- [WHAT NEEDS TO BE DONE]: With the images excluded, set down every line of the listing below exactly.

- [INFORMATION SHOWN]:
::::::::::

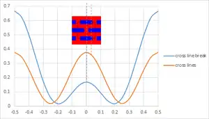 A two-beam interference pattern (half-pitch <0.5 λ/NA) forms a set of regularly spaced lines. Breaks in such lines, e.g., brick patterns, are deviations from the interference pattern. Such breaks generally do not dominate the pattern, and are thus small deviations. These deviations are insufficient to completely offset the constructive or destructive interference of the underlying regular line pattern; sidelobes often result.[36][37] Line end gaps are easily bridged under dipole illumination.[38] Another mask exposure (usually referred as a cut mask) is therefore necessary to break the line pattern more robustly.
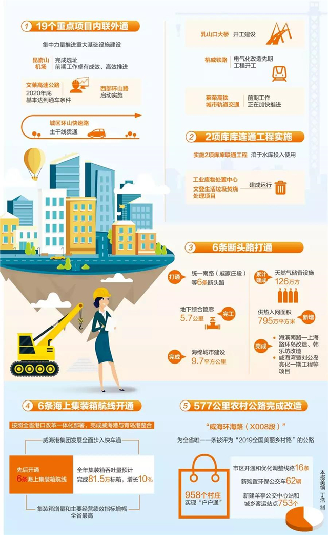 2019年,我市還打通6條斷頭路,新增供熱入網面積795萬平方米,完成海濱南路—上海路環島改造……一個個“枝葉關情”的城市重大基礎工程,正穩穩夯實著“精致城市·幸福威海”的幸福家底。
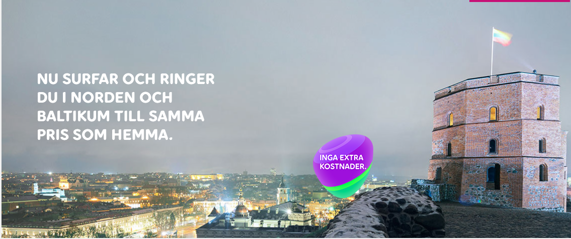 Detta gäller när du befinner dig i Norge, Finland, Danmark, Estland, Lettland eller Litauen (gäller ej i Island, Grönland eller Färöarna). Ingår automatiskt för alla kunder med mobilabonnemang och mobilt bredbandsabonnemang från Telia, helt utan extra kostnad och oavsett abonnemangsform.

::::::::::

- [ANSWER TO THE PROBLEM]:
 A two-beam interference pattern (half-pitch <0.5 λ/NA) forms a set of regularly spaced lines. Breaks in such lines, e.g., brick patterns, are deviations from the interference pattern. Such breaks generally do not dominate the pattern, and are thus small deviations. These deviations are insufficient to completely offset the constructive or destructive interference of the underlying regular line pattern; sidelobes often result.[36][37] Line end gaps are easily bridged under dipole illumination.[38] Another mask exposure (usually referred as a cut mask) is therefore necessary to break the line pattern more robustly.
 2019年,我市還打通6條斷頭路,新增供熱入網面積795萬平方米,完成海濱南路—上海路環島改造……一個個“枝葉關情”的城市重大基礎工程,正穩穩夯實著“精致城市·幸福威海”的幸福家底。
 Detta gäller när du befinner dig i Norge, Finland, Danmark, Estland, Lettland eller Litauen (gäller ej i Island, Grönland eller Färöarna). Ingår automatiskt för alla kunder med mobilabonnemang och mobilt bredbandsabonnemang från Telia, helt utan extra kostnad och oavsett abonnemangsform.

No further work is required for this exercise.